One curious PackageInfo element documented by Stéphane Sudre is the dont-obsolete
element. As its name might suggest, “obsoleting” seems to be responsible for removing these files that are no longer present in upgraded package versions.
A real-world example: We recently had an internal support package included in our thin deployment image, one of whose payload items contained a template configuration file that was modified later as part of our DeployStudio workflow.
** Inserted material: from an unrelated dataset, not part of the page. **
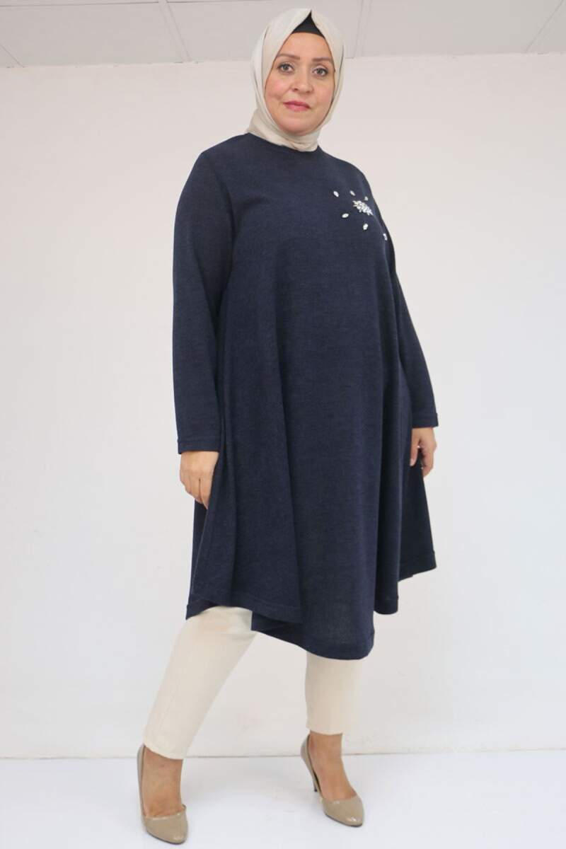 58117 Büyük Beden Taş Detaylı Mevlana Mir Tunik - Lacivert
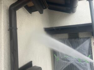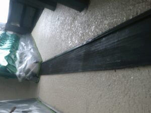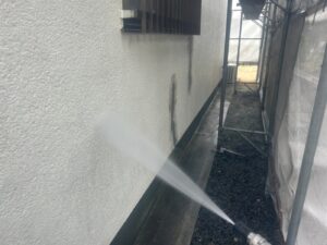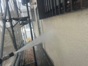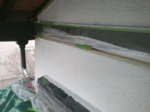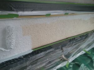 外壁材を保護し、上に塗る塗料の密着を良くするため、下塗り剤を塗ります。

I updated this support package with newer versions of unrelated components to be imported into Munki to push out to clients automatically, wanted to not overwrite this file when Munki would automatically install the package, and at the same time not remove the old one. The dont-obsolete
element turns out to be one solution to solve this problem within the logic of the package payload itself, without requiring workarounds in postinstall scripts that could potentially cause issues and greater complexity in the long term.
We can use the undocumented (but documented here by Greg Neagle) --info
option for pkgbuild to supply the dont-obsolete
element to be included in the final built PackageInfo
file, using a template PackageInfo
that looks like this:
<pkg-info>
<dont-obsolete>
<file path="/usr/local/bin/my_script"/>
</dont-obsolete>
</pkg-info>
And to build the package:
pkgbuild --identifier my.package.identifier \
--version 2.0 \
--root /my/payload/root \
--info /my/template/pkginfo-file \
my_support_package-2.0.pkg
Assuming the package we’re upgrading uses the same identifier and is a lower version number, this should do what we want, which is to persist the file at /usr/local/bin/my_script
after the installation, even if it’s not included in the 2.0 version of our package.
Instead of using the --info
option, we could also build the package without it, then later use pkgutil with the --expand
option, edit the PackageInfo file manually and finally --flatten
it as I documented in this earlier post on iOS Simulators. This is of course much more work, but is easily automated.
Two asides:
pkgbuild also includes a useful --prior [pkg-path]
option, which will automatically derive the identifier, version and install-location parameters from a package located at pkg-path
. According to the pkgbuild manpage, however, this will convert the version number to an integer and increment it, which may not be what you want.
Also, there are some exceptions to when files are actually “obsoleted”. For example, removing old files will not necessarily occur if the PackageInfo
file has bundle-version
elements defined, which would happen if one is packaging, for example, an application bundle. Using pkgbuild with the --root
option will perform some analysis on the contents to extract bundle versions and place these in the PackageInfo
file. Look into the --analyze
and --component-plist
plist options in the pkgbuild manpage to customize these further. Managing bundle metadata with the pkgbuild and productbuild tools is quite a bit more advanced, so the example in this post is mainly useful for application/site-specific data in simple files.